● **Information shown**
-- Opening Marker --

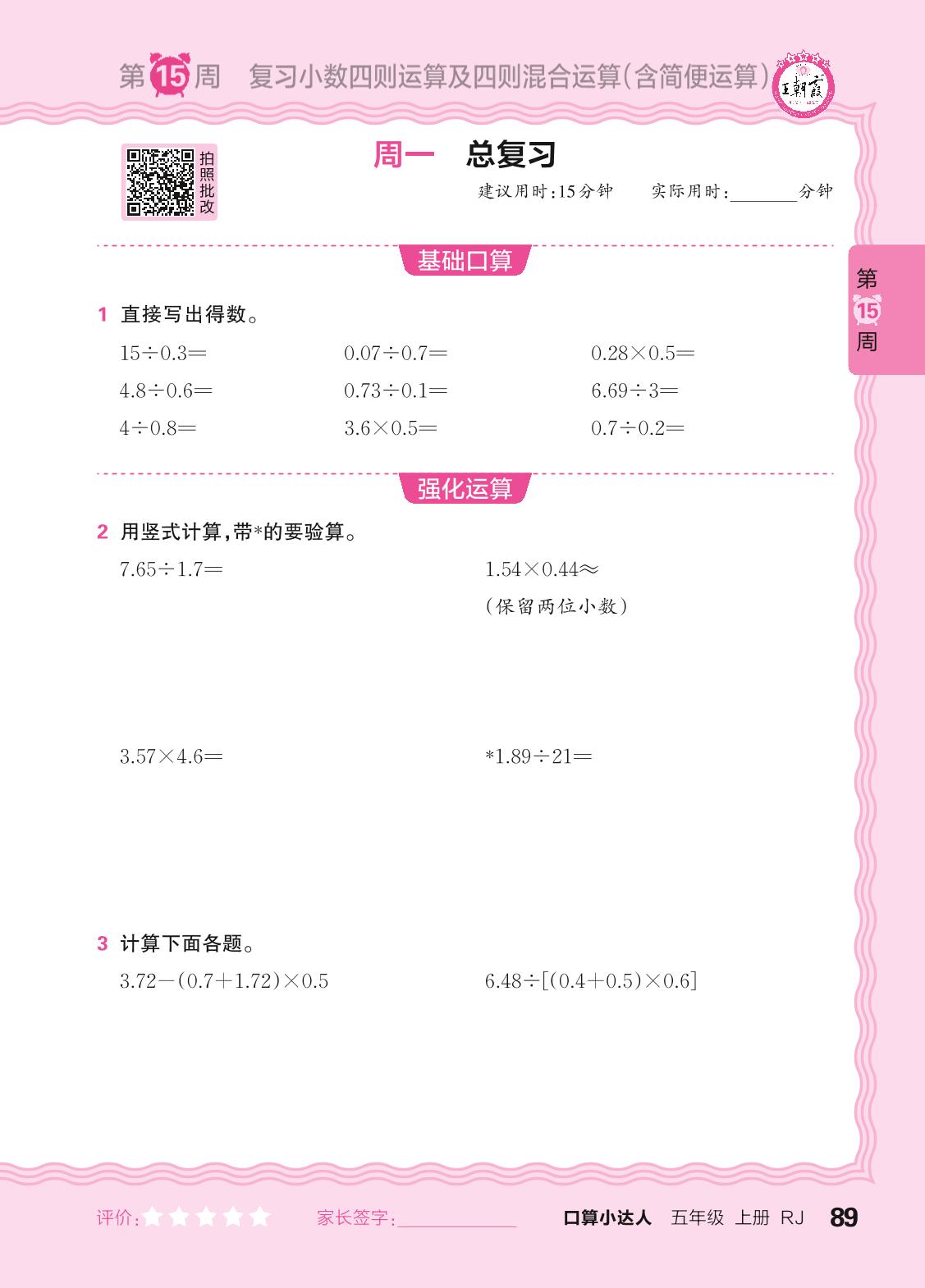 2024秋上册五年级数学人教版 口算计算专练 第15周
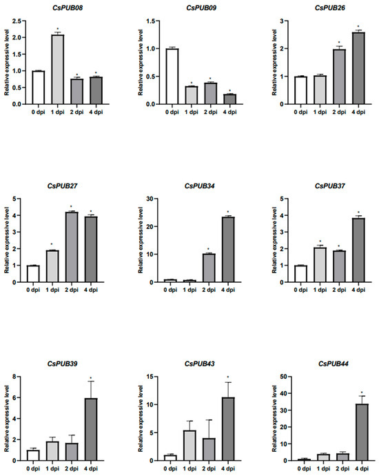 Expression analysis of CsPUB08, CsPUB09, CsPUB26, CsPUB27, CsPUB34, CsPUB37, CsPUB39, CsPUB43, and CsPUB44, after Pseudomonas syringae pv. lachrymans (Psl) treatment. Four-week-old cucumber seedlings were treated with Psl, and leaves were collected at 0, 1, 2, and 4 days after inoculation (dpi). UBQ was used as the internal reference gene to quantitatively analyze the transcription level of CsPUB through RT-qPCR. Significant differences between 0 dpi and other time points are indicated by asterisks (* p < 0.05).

-- Closing Marker --
-- Opening Marker --

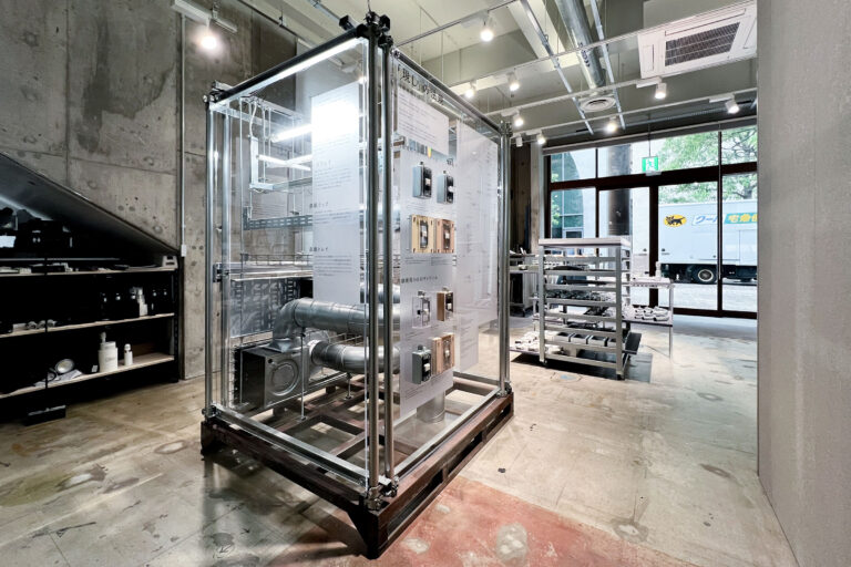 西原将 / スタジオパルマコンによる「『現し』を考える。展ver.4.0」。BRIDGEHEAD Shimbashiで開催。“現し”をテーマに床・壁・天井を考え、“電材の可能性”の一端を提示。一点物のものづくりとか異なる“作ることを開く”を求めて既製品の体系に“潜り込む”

-- Closing Marker --
-- Opening Marker --

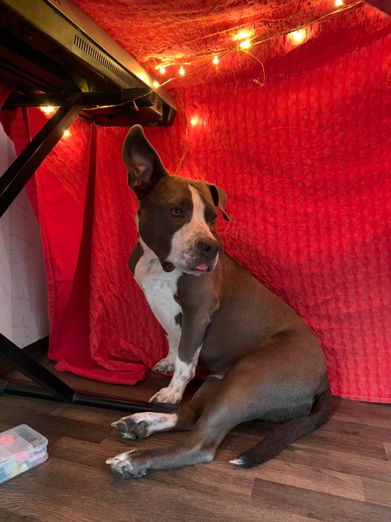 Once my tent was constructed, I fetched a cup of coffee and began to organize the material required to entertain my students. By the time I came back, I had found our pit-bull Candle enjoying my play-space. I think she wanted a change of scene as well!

-- Closing Marker --

● **About this exercise**
Text only, no pictures: please print exactly the lines above from the line with "2024秋上册五年级数学人教版 口算计算专练 第15周" up to and including the line with "Expression analysis of", and nothing else.

● **The completed task**
 2024秋上册五年级数学人教版 口算计算专练 第15周
 Expression analysis of CsPUB08, CsPUB09, CsPUB26, CsPUB27, CsPUB34, CsPUB37, CsPUB39, CsPUB43, and CsPUB44, after Pseudomonas syringae pv. lachrymans (Psl) treatment. Four-week-old cucumber seedlings were treated with Psl, and leaves were collected at 0, 1, 2, and 4 days after inoculation (dpi). UBQ was used as the internal reference gene to quantitatively analyze the transcription level of CsPUB through RT-qPCR. Significant differences between 0 dpi and other time points are indicated by asterisks (* p < 0.05).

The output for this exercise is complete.